Rio Arfani Rio Arfani - 3 months ago 18
Python Question

Python BeautifulSoup can't read div tag

I'm trying to get products for a project i'm working on from this page:lazada

page ispection

using :




from bs4 import BeautifulSoup
import urllib
import re
r = urllib.urlopen("http://www.lazada.co.id/catalog/?q=note+2").read()
soup = BeautifulSoup(r,"lxml")
letters = soup.findAll("span",class_=re.compile("product-card__name"))
print type(letters)
print letters[0]



When I do this I am getting error


Traceback (most recent call last):
File "C:/Python27/project/testaja.py", line 9, in
print letters[0]
IndexError: list index out of range


. Any thoughts on this?

Answer

I think you may have hit their page too much, navigate there in a browser and see what the page returns on your network.

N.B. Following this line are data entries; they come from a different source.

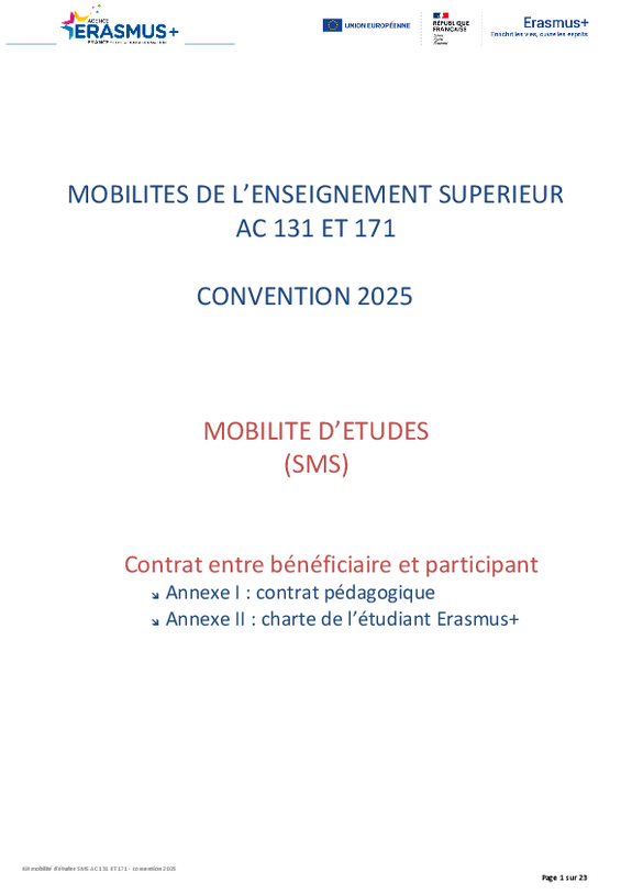 - Enfin il doit remplir, auprès du bureau de la mobilité étudiante internationale de l'ENSA Paris-Val de Seine, un contrat de mobilité Erasmus + dans lequel il s'engage à respecter les conditions du dispositif.
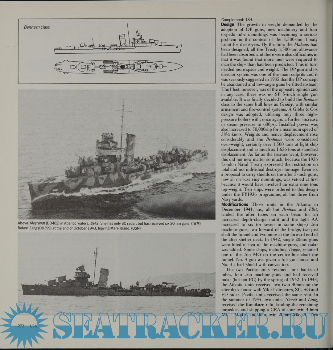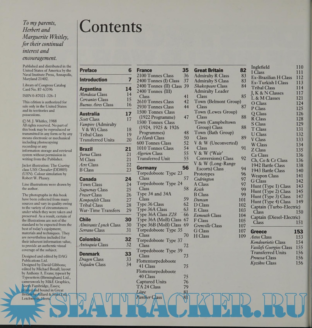 Year: 1988 Language: English Author: Whitley M.J. Genre: Encyclopedia Publisher: US Naval Institute Press Format: PDF Quality: eBook Pages count: 328 Description: Fast, compact and formidable, destroyers were in the thick of the action in every theater of operations during the Second World War. They performed a wide range of duties, often of the most hazardous nature. Not only were they assigned to escort the main battle fleets into action, but they were called upon to escort convoys and protect them from attacks by aircraft and submarines. Illustrated with hundreds of photographs and line drawings, this reprint of the popular 1988 book comprehensively details in one volume all the destroyers built between 1939 and 1945 by the navies of the world. Each class is described under three design, modification, and service. The author, a leading World War II historian, provides a wealth of data on each ship's builder, dimensions, armament, performance, and fate as well as keel-laying, launch, and commissioning dates. Such a detailed record of these highly effective, versatile ships will prove invaluable to warship enthusiasts everywhere.
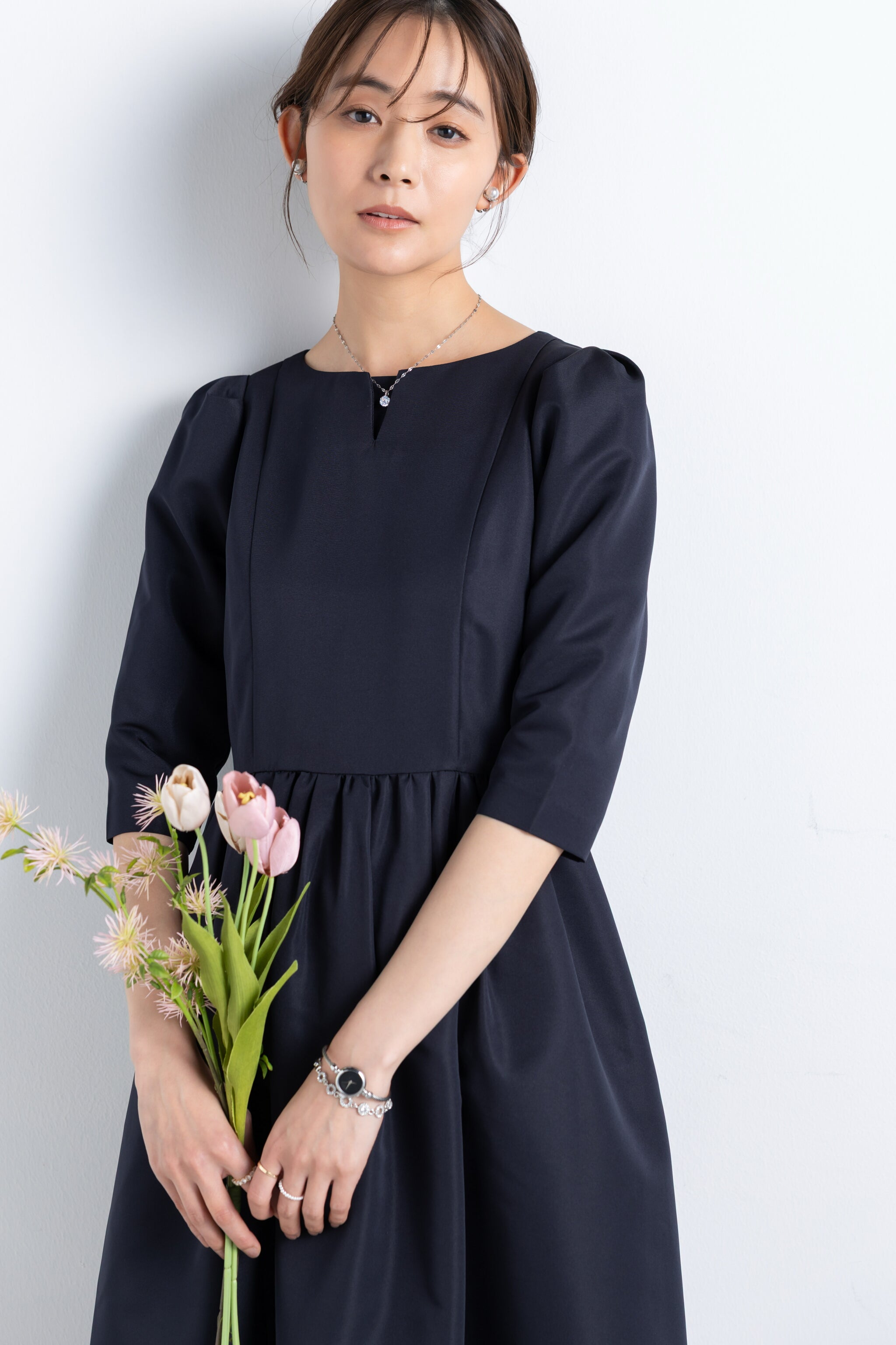 【Coming soon】雨でもハレの日ギャザーフレアミディドレス(Mina)
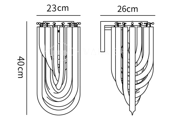 Tyylikäs vuosisadan puolivälin tyylinen kattokruunu, joka on valmistettu Muranon lasista. Sen alkuperäinen muotoilu leikkii kimaltelevien lasielementtien toistoa, jotka pystyvät luomaan tyylikkäästi hienostuneen valaistuksen.
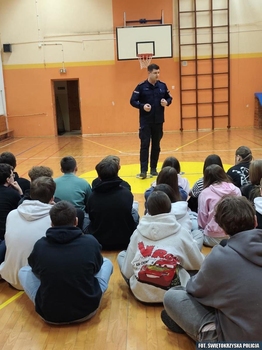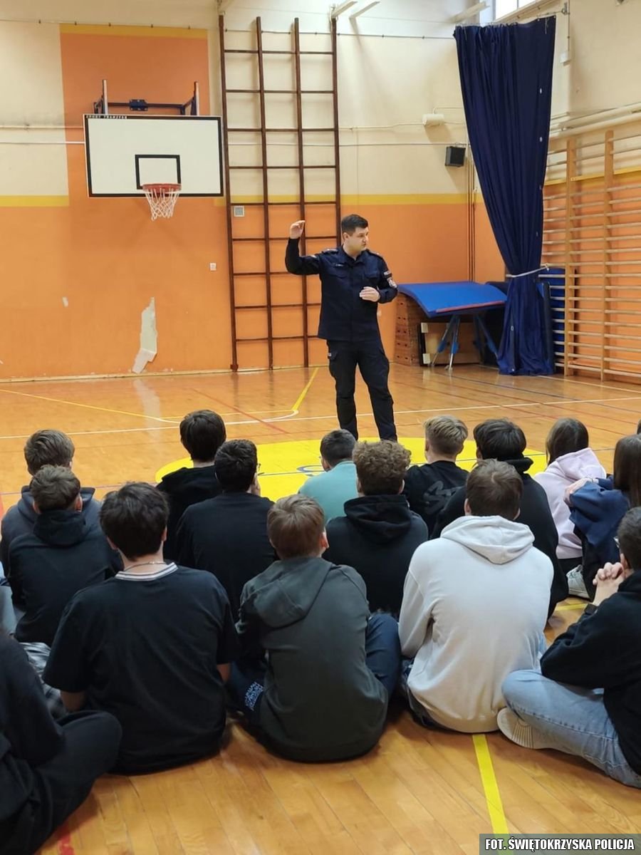 Wczoraj policjanci z wydziału prewencji koneckiej komendy przeprowadzili spotkania profilaktyczne z uczniami ze Szkoły Podstawowej nr 2 w Końskich oraz z Zespołu Szkół Ponadpodstawowych nr 2 w Końskich, podczas których przekazali młodzieży najważniejsze informacje związane z odpowiedzialnością karną nieletnich, w przypadku konfliktu z prawem oraz omówili środki wychowawcze stosowane przez Sąd wobec nieletnich dopuszczających się czynów karalnych. Podczas spotkania policjanci informowali również, jak rozpoznawać i reagować na różne formy przemocy. Słuchacze usłyszeli o niebezpieczeństwach płynących z niewłaściwego korzystania z internetu. Mundurowi mówili o zasadach, którymi powinni kierować się młodzi ludzie korzystający z różnego rodzaju grup społecznościowych. Wśród poruszonych tematów nie zabrakło także informacji dotyczących hejtu i mowy nienawiści oraz tolerancji.
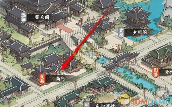 2、在雪月城中,找到并点击商行去到商店页面;
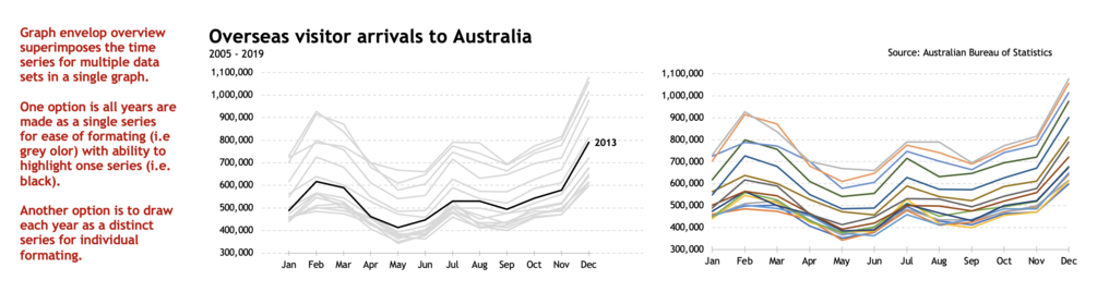 - Graph Envelope Overview—enables the underlying seasonal pattern to be seen more clearly, and also allows any substantial departures from the seasonal pattern to be easily identified.
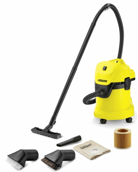 • El aspirador multiuso wd 3, súper potente y con una alta eficiencia energética, está equipado con un recipiente de plástico de 17 l, un filtro de cartucho y nuevos accesorios.
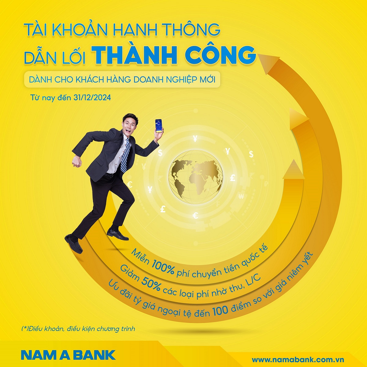 Nam A Bank triển khai chương trình “TÀI KHOẢN HANH THÔNG – DẪN LỐI THÀNH CÔNG” với nhiều ưu đãi hấp dẫn, vượt trội về thanh toán quốc tế dành cho khách hàng doanh nghiệp.
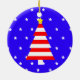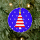 This Patriotic American Christmas ornament features a blue background with white stars and a red and white stripe Christmas tree. A great way to show your Patriotic American spirit on the Christmas tree! Copyright Ornaments by Henis
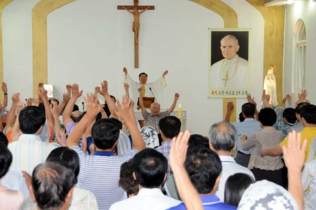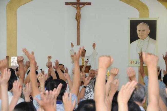 천진암 성지, 8월 15일 성모승천대축일, 낮 12시 순례객 미사후, 대한민국 만세, 한국천주교회 만세, 천진암 성지 만세, 성모 마리아 만세 3창을 각각 회장님들의 선창으로 하는 모습
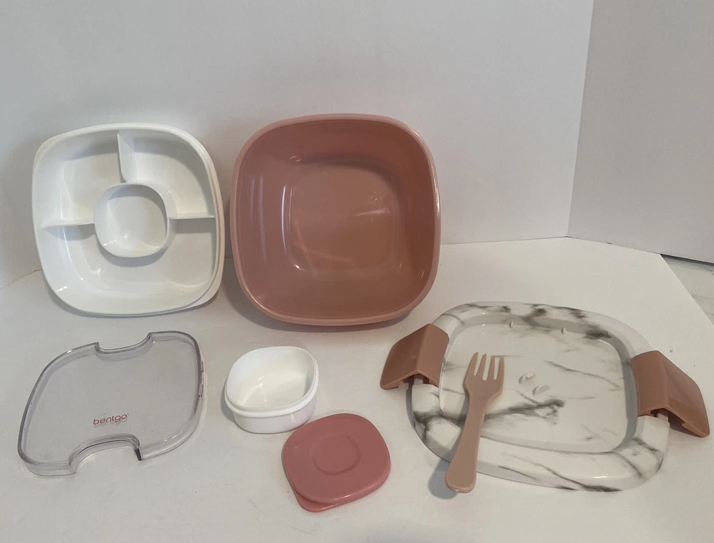 Bentgo Box Adult Lunch Container, 7 Piece Set w/Large Bowl And Compartments Condition is good, see photos for best representation. Thank you for looking and supporting my smal business!
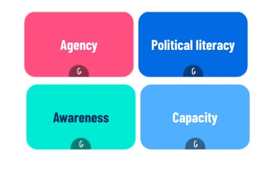 Capacity is about building the knowledge, skills, and confidence needed to participate actively in civic and political life. This might include developing communication and critical thinking skills, volunteering or joining local groups, or taking part in democratic processes such as elections.
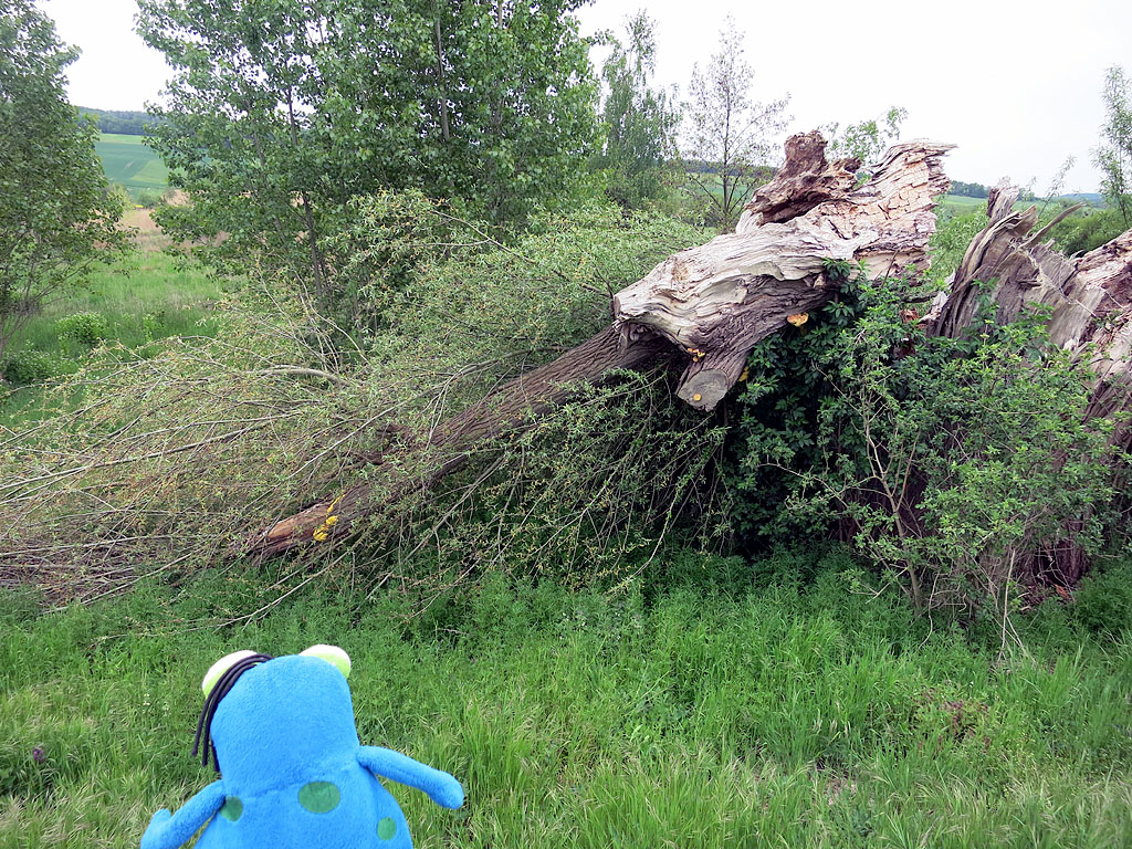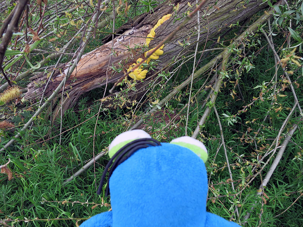Richtig, an einer alten abgebrochenen Weide wächst der Schwefelporling. Ganz jung und knackig. :gstrahlen: Erst habe ich überlegt, mir ein paar Tage später etwas davon für die Pfanne zu holen. Allerdings ist der Uferbereich mit Schwermetallen belastet – und da habe ich mir gedacht: Murph, egal wie lecker er aussieht – lass ihn hängen – man weiß ja nie. :gkopfkratz:

Also, you can modify your code so you can check the page response header to make sure that the page returned properly before trying to scrape it. I modified your code to show an example of this below:

from bs4 import BeautifulSoup
import urllib
import re

r = urllib.urlopen("http://www.lazada.co.id/catalog/?q=note+2")
header_code = r.getcode()

if header_code == 200:
    html = r.read()
    soup = BeautifulSoup(html, "lxml")
    letters = soup.findAll("span", {"class" : re.compile("product-card__name")})

    for letter in letters:
        print letter
else:
    print("oops, something went wonky. Page response was: %s"% header_code)